== Exercise brief ==
What you give back must match the data exactly, minus the pictures.

== Collected material ==
━━━
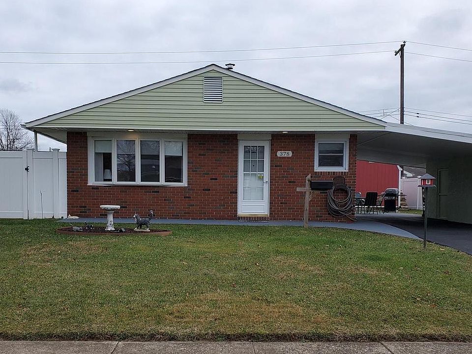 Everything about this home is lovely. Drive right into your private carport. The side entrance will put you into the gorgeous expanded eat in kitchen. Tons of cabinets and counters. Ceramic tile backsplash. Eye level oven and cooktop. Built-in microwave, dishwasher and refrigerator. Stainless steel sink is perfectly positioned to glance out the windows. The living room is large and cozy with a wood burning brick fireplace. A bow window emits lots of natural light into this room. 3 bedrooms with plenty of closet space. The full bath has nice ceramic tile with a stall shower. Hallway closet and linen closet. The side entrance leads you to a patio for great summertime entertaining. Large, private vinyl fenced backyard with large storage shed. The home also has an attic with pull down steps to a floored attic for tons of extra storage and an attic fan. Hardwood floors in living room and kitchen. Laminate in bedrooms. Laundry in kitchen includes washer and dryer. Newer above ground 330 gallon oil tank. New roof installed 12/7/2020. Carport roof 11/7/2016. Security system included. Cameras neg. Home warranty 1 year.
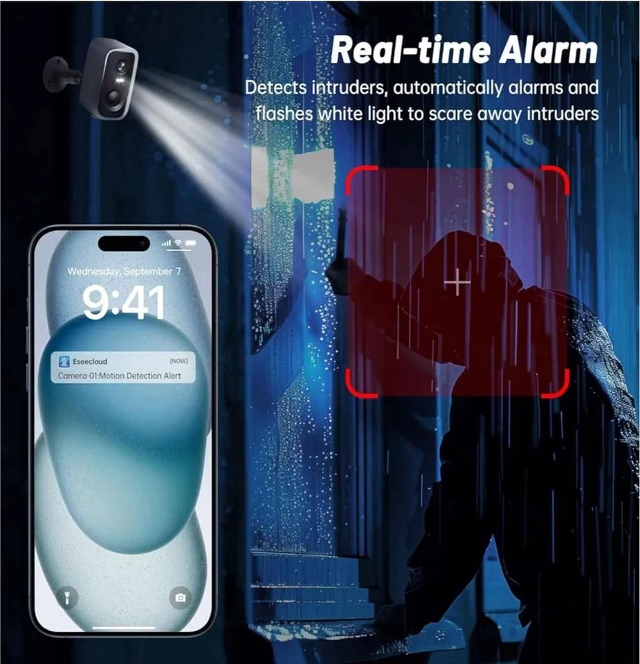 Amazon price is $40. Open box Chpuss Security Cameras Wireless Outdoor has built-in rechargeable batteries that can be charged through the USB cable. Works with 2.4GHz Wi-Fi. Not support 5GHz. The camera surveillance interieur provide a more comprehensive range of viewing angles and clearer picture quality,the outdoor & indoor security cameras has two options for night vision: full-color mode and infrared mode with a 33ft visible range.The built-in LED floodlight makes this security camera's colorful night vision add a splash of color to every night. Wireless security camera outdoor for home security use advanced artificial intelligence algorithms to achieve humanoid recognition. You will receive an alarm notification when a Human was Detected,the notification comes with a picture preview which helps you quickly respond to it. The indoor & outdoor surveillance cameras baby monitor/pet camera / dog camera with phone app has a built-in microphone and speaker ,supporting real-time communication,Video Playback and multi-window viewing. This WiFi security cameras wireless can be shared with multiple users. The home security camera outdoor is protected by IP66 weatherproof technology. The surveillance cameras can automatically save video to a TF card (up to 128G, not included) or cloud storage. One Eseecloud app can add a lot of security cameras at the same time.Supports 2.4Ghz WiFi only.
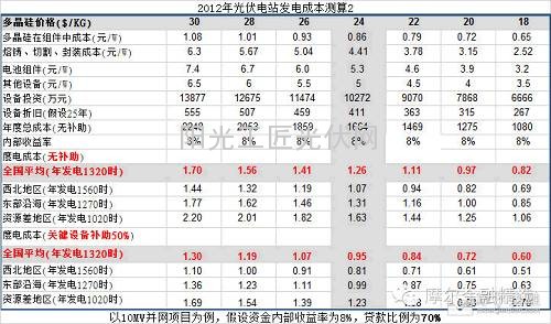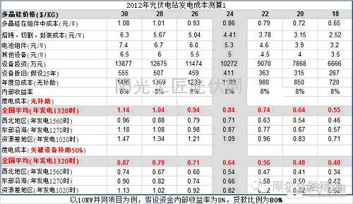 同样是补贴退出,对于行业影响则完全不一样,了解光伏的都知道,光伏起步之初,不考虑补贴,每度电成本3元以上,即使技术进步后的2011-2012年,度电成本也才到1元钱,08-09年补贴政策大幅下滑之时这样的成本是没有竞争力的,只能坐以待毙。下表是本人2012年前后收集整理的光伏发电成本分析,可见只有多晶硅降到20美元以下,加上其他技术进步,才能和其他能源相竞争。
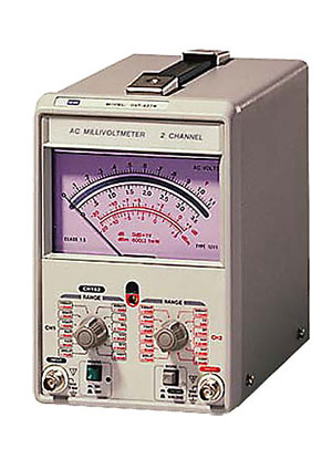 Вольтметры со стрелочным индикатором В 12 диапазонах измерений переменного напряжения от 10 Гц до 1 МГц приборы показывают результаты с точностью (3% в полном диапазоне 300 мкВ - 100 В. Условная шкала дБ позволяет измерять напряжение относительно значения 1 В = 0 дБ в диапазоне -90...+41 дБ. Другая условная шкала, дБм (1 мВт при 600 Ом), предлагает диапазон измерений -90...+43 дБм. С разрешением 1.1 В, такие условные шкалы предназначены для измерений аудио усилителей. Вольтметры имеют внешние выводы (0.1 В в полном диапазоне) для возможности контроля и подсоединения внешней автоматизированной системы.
━━━
== Answer to this problem ==
 Everything about this home is lovely. Drive right into your private carport. The side entrance will put you into the gorgeous expanded eat in kitchen. Tons of cabinets and counters. Ceramic tile backsplash. Eye level oven and cooktop. Built-in microwave, dishwasher and refrigerator. Stainless steel sink is perfectly positioned to glance out the windows. The living room is large and cozy with a wood burning brick fireplace. A bow window emits lots of natural light into this room. 3 bedrooms with plenty of closet space. The full bath has nice ceramic tile with a stall shower. Hallway closet and linen closet. The side entrance leads you to a patio for great summertime entertaining. Large, private vinyl fenced backyard with large storage shed. The home also has an attic with pull down steps to a floored attic for tons of extra storage and an attic fan. Hardwood floors in living room and kitchen. Laminate in bedrooms. Laundry in kitchen includes washer and dryer. Newer above ground 330 gallon oil tank. New roof installed 12/7/2020. Carport roof 11/7/2016. Security system included. Cameras neg. Home warranty 1 year.
 Amazon price is $40. Open box Chpuss Security Cameras Wireless Outdoor has built-in rechargeable batteries that can be charged through the USB cable. Works with 2.4GHz Wi-Fi. Not support 5GHz. The camera surveillance interieur provide a more comprehensive range of viewing angles and clearer picture quality,the outdoor & indoor security cameras has two options for night vision: full-color mode and infrared mode with a 33ft visible range.The built-in LED floodlight makes this security camera's colorful night vision add a splash of color to every night. Wireless security camera outdoor for home security use advanced artificial intelligence algorithms to achieve humanoid recognition. You will receive an alarm notification when a Human was Detected,the notification comes with a picture preview which helps you quickly respond to it. The indoor & outdoor surveillance cameras baby monitor/pet camera / dog camera with phone app has a built-in microphone and speaker ,supporting real-time communication,Video Playback and multi-window viewing. This WiFi security cameras wireless can be shared with multiple users. The home security camera outdoor is protected by IP66 weatherproof technology. The surveillance cameras can automatically save video to a TF card (up to 128G, not included) or cloud storage. One Eseecloud app can add a lot of security cameras at the same time.Supports 2.4Ghz WiFi only.
 同样是补贴退出,对于行业影响则完全不一样,了解光伏的都知道,光伏起步之初,不考虑补贴,每度电成本3元以上,即使技术进步后的2011-2012年,度电成本也才到1元钱,08-09年补贴政策大幅下滑之时这样的成本是没有竞争力的,只能坐以待毙。下表是本人2012年前后收集整理的光伏发电成本分析,可见只有多晶硅降到20美元以下,加上其他技术进步,才能和其他能源相竞争。
 Вольтметры со стрелочным индикатором В 12 диапазонах измерений переменного напряжения от 10 Гц до 1 МГц приборы показывают результаты с точностью (3% в полном диапазоне 300 мкВ - 100 В. Условная шкала дБ позволяет измерять напряжение относительно значения 1 В = 0 дБ в диапазоне -90...+41 дБ. Другая условная шкала, дБм (1 мВт при 600 Ом), предлагает диапазон измерений -90...+43 дБм. С разрешением 1.1 В, такие условные шкалы предназначены для измерений аудио усилителей. Вольтметры имеют внешние выводы (0.1 В в полном диапазоне) для возможности контроля и подсоединения внешней автоматизированной системы.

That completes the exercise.